Memórias e ladaia
Recicladoras lançam livro com histórias da coleta do lixo em Canoas
Obra reúne relatos das profissionais da Cooperativa Renascer, na região metropolitana de Porto Alegre
Jéssica Fortes, 28 anos, trabalha com reciclagem desde a adolescência. Ela encontrou, em meio às sacolas jogadas no lixo, mais do que material revendido para o sustento de casa.
— Meu marido diz que me reciclou, mas fui eu que reciclei ele — brinca, sobre o casamento que nasceu no trabalho.
O relato integra uma das tantas histórias do livro Memórias da Cooperativa Renascer: Entre Ladaias e Autogestão, lançado na última semana pela Editora Unilasalle — a universidade foi também parceira na editoração. A publicação conta em detalhes as três décadas e meia de atuação da organização do bairro Guajuviras, em Canoas, região metropolitana de Porto Alegre. A obra foi desenvolvida pelo Tecnosocial e Incubadora de Empreendimentos Econômicos Solidários Unilasalle, em parceria com a Apoena Socioambiental, e contou ainda com o apoio da Fapergs e do CNPq. O livro está disponível de forma gratuita online.
Nas páginas, é descrito o desenvolvimento do trabalho a partir das passagens de vida dos profissionais. Para ser mais exato, o foco parte das "ladaias", como explica a catadora Michele Ferreira dos Santos, 37 anos:
— Ladaia é conflito, intriga, fofoca. Quisemos colocar isso no livro porque a história da cooperativa é construída também em cima de bastante ladaia. E até as ladaias a gente resolve em reuniões, com todo mundo.
As profissionais listam alguns riscos do dia a dia, em especial a falta de cuidados no descarte do vidro. De acordo com elas, não basta que o morador coloque em caixas os cacos, mas também proteger as garrafas inteiras, pois quando embaladas apenas em sacolas, podem quebrar e causar cortes em quem as manuseia.
Mas nem só de tretas vivem as colegas: apesar de toda a ladainha, há união, garante a recicladora.
— A gente não se deixa abater. Uma vez fomos assaltadas bem no dia do pagamento. E mesmo assim a gente foi na viagem que já tava organizada para o Beto Carreiro. Quem não conseguiu arrumar dinheiro, comeu com a outra. Nos divertimos mesmo sem um centavo no bolso — recorda Michele.

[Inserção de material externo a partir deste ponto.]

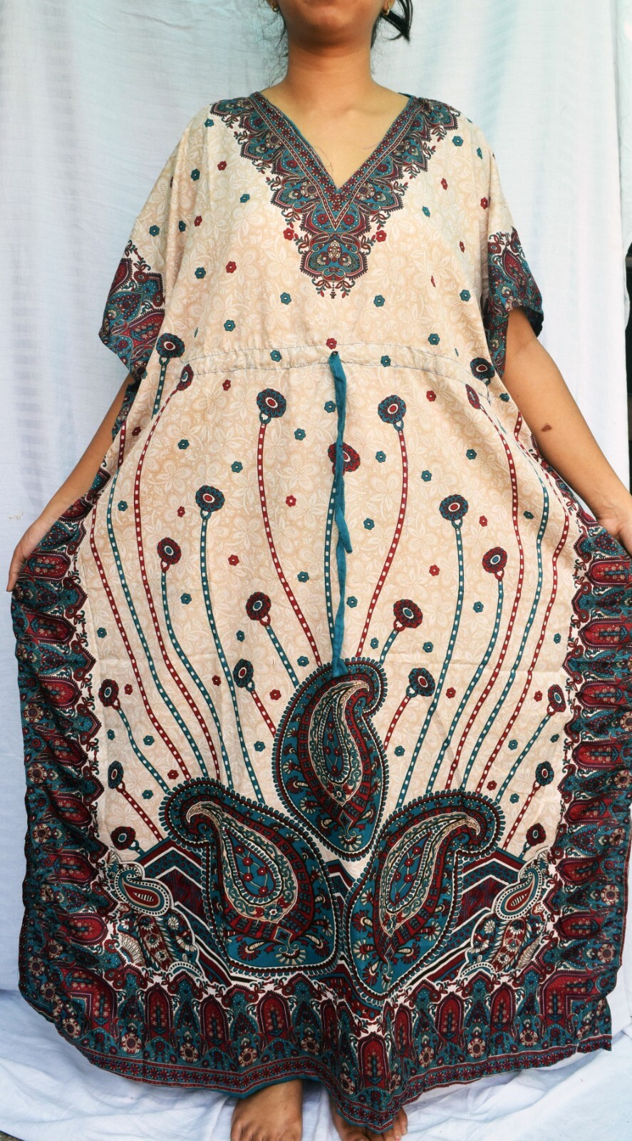 Ce beau caftan fait main est parfait pour toutes les occasions. La robe présente un motif cachemire vibrant et un décolleté en V flatteur. La robe est faite de polyester de haute qualité et est lavable en machine pour un entretien facile.

Hoje, há separação do lixo seco e orgânico no município, porém, nos anos 1970, o destino dos resíduos era o mesmo, o aterro sanitário. Deste monte de entulhos, saiam os produtos passíveis de serem reaproveitados. Não havia sequer uma cobertura e os catadores ficavam expostos a chuva e sol, relembra a mais experiente de todas, Sônia Maria Soares, 68 anos. Com mais da metade da vida na atividade — 36 anos —, ela criou laços comparáveis aos de sua família.
— Aqui é uma segunda casa pra mim — afirmou, ao programa Gaúcha Hoje, da Rádio Gaúcha, na manhã desta quarta-feira (28).
O total de parentes de dona Sônia, aliás, é superior aos cerca de 30 colegas cooperativados.
— Ih, meu jovem, eu tenho oito filhos e 26 bisnetos. Os netos eu já nem sei, porque os pequenos tomaram conta — justifica a idosa.
Enquanto umas se perdem na contabilidade, outras veem o número de herdeiros crescer: Francielle Paim, 28 anos, está grávida do quarto filho. Ela diz ter orgulho do que conquistou a partir dos descartes, só que não deixa de dar uma alfinetada sobre as discussões acaloradas.
— Gosto muito daqui, mesmo que a gente discuta e se pegue até por comida — admite, ao vivo para toda a audiência da Gaúcha, arrancando gargalhadas dos colegas que acompanhavam a entrevista.